Later that evening back in St. Ives, after waving the gracious publican goodbye and my body still ringing with wonder and gratitude, I strode into the B&B to find Misha waiting for me and looking worried. I started to apologize and explain where I’d been, but he put a finger over my lips and unsmiling, said,
“No, we needed this! To get free, the only way was to get mad enough to hate each other! Do you see?”
Did I see?
“We had to break this crazy habit of longing for each other! We’ve been children! Every day of my life I walk with you by my side, telling you, showing you… But you are not there!
We both began to cry. “We have to detest each other to break this bond, or we’ll always be just wanting each other across the big ocean, like crazy people. Our whole lives!”
He was breathing hard and would not let me touch him.
“So, tomorrow we part – no, don’t talk. It is the only way. I will go in the night – don’t follow me.” He turned away.
Later, we managed to swallow down some dinner and say a few more difficult things to each other, and when I awoke at dawn he was gone.
Only one time since then have I again heard his voice, his deep Slavic voice, and that was many years later on the day of the Loma Prieta earthquake in Northern California, when he phoned from Basel to make sure I was alright. By that time Herb and I were married, we had three children and life was good – and very different from what it might have been with Misha, who had made the hard, but correct choice.
He did not stay long on the line, but hung up shortly after making sure I was alive and unhurt, unwilling to tell me more about himself.
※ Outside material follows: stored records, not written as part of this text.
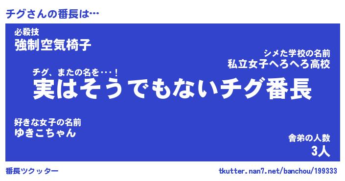 | 意味不明あだ名 | 『ペロリンチグ』『チグフォーエバー』 |
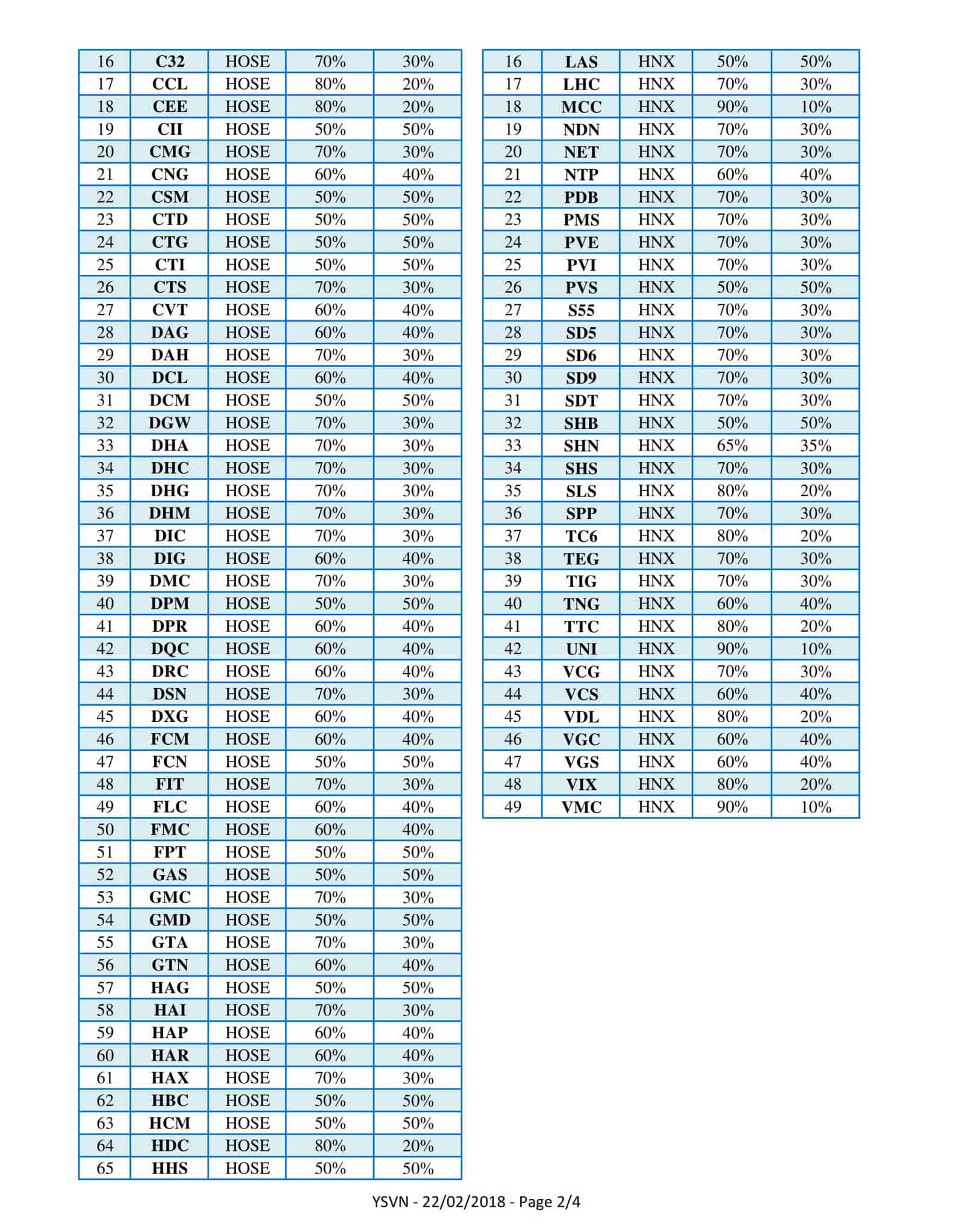 Thông báo Danh mục Chứng khoán giao dịch ký quỹ ngày 28/02/2018
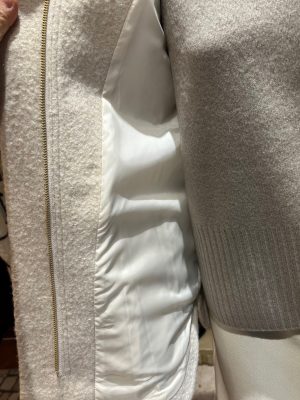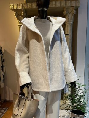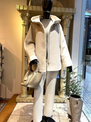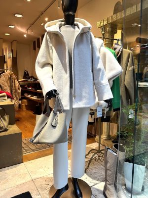 上品なエクリュカラーのコート、インにはグレージュのニット、ボトムはオフホワイトのパンツで

Misha. The love of my life, perhaps, but not the partner to build a life with. For me, letting go was agony – not only the guy, but also the youth and the freedom, the spirit of life and adventure we shared. But when it is time, you have to let go and grow up – just as we collectively have to let go now and grow up from a dysfunctional and immature belief system that rewards irresponsibility and greed, injustice and institutional cruelty; that considers the natural world a commodity and sex a sin; that permits people to go hungry and wars to be fought for profit!
Nobody ever said growing up was easy, but I believe it has to begin with grieving our losses until we feel drained of our tears, and then grieving some more. Then our task is to take stock of our lives and be willing to leave the past behind before pulling around to face in a new direction.
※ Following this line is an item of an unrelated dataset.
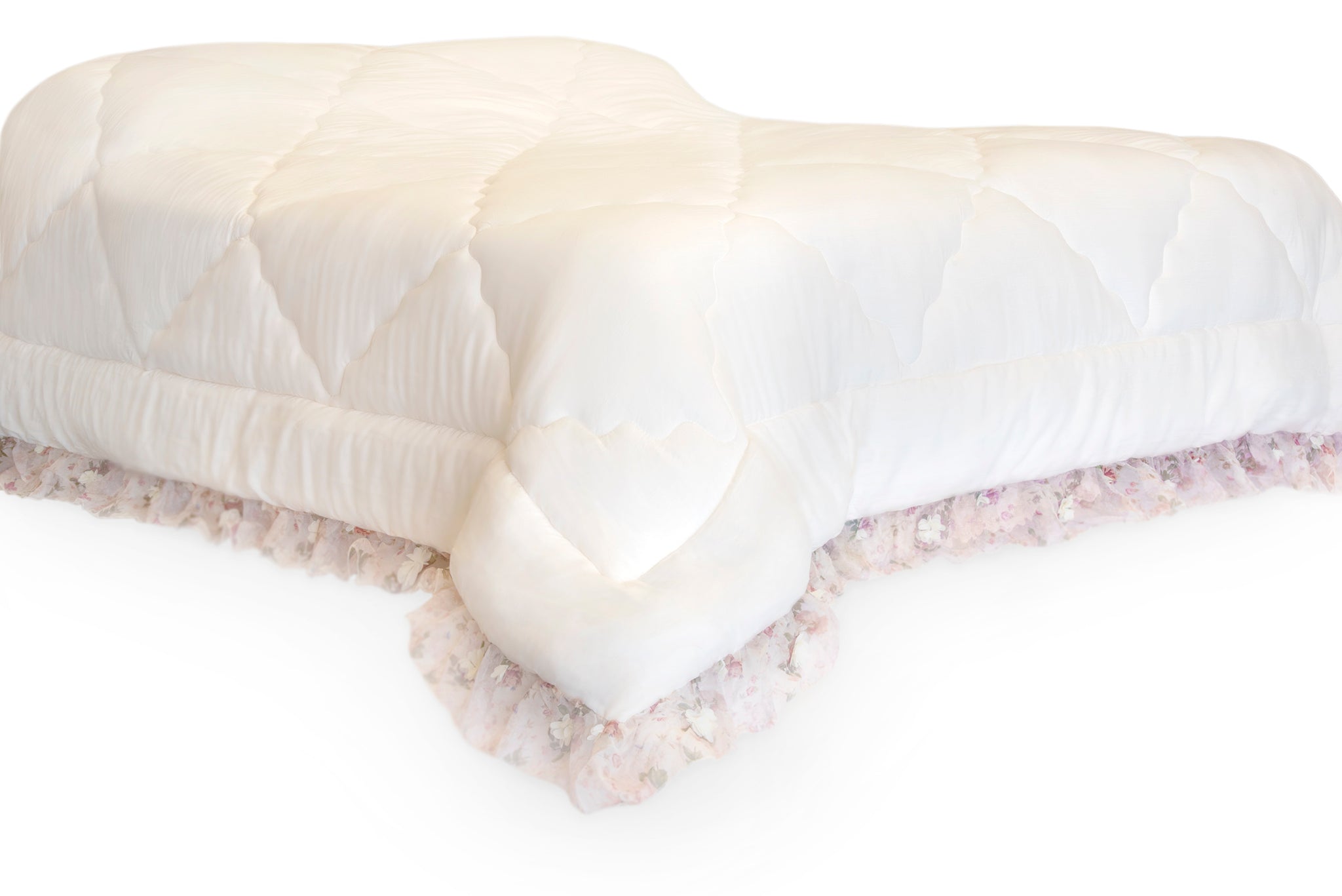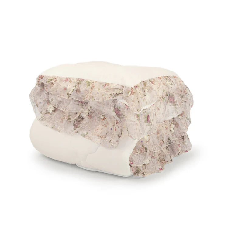 La trapunta è arricchita da un volant in organza con una delicata stampa floreale sui tre lati.
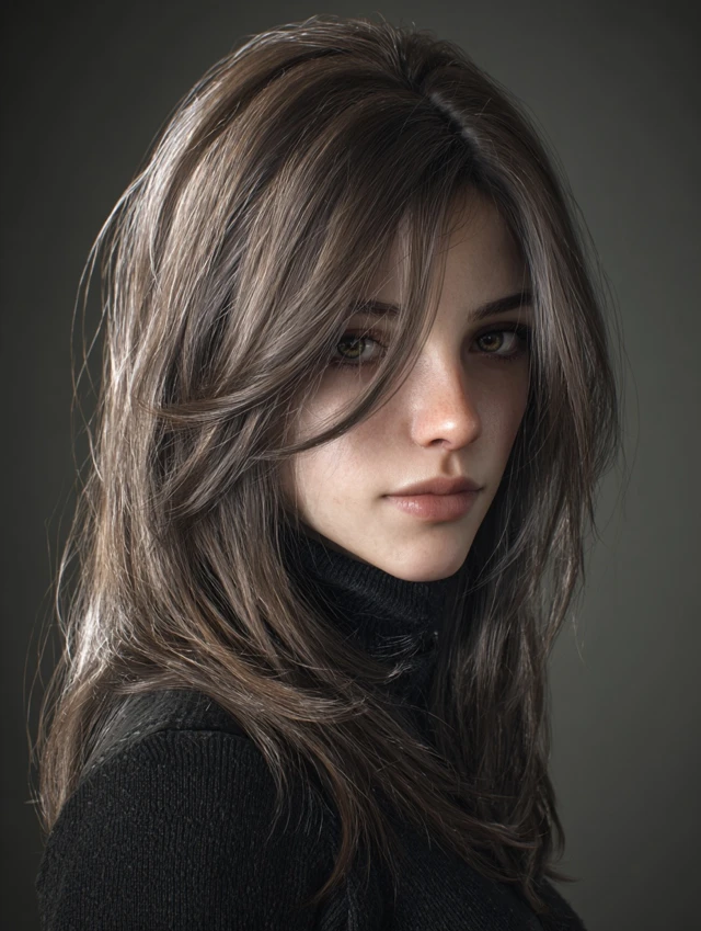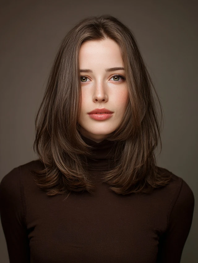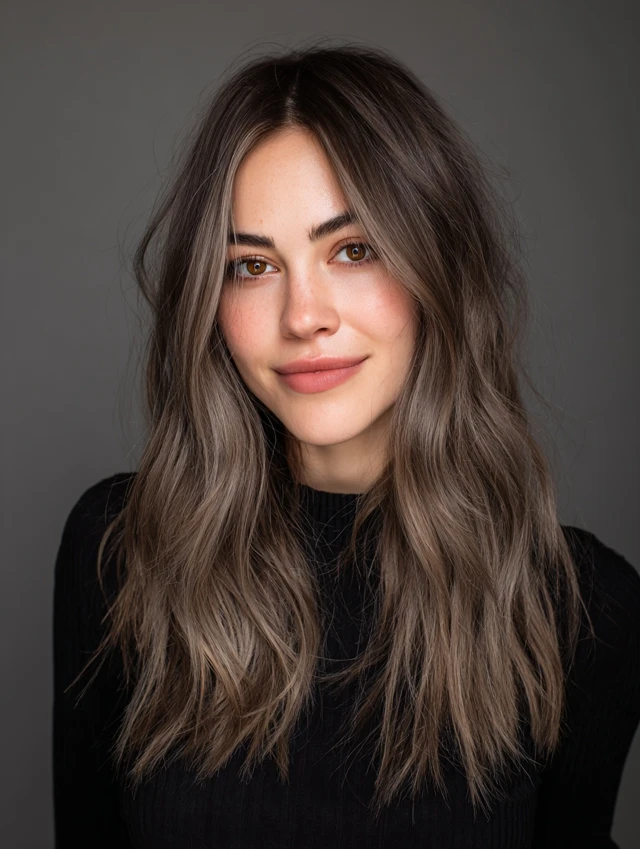 Mocha brown with faint silver or ash undertones creates a cool, luminous effect. Works for fair to medium skin tones. Medium-length hair is ideal for layered styling.

Mind you, the shifting of consciousness may not be a walk in the park, but raising our collective consciousness is indeed what is required of us now. The tantrums of our dear Blumpsky may be just the kick in the pants we need to finally make the change – each and every one of us.
It is bigger, by far, than resistance and politics. It’s bigger than fighting the good fight, about you being right and the others being wrong. It’s not about fixing a worn-out system, nor giving more money to this party or that.
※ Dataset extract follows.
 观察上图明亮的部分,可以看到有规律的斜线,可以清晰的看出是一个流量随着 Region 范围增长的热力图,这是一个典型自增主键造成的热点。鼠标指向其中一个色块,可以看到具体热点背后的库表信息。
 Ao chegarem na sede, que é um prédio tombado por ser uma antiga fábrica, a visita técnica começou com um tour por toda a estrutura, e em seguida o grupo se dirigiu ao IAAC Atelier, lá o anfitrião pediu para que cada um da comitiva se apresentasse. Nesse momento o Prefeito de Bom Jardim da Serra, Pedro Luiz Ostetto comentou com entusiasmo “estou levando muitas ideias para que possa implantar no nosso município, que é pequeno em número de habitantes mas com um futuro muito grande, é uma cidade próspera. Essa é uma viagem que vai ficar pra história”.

It’s about change from the very bottom up, from the very heart of things, where the world is infinitely vaster and the rules way more subtle than you think; where our bodies are brilliant, and listening includes feeling; where the word ‘love’ barely begins to describe the enormity of what is waiting for us in the great unknown.
It’s about letting go of what does not work and creating a world that does work according to a very different set of rules. And listening to those bells that ring true.
Give it a try. I think you’ll like it.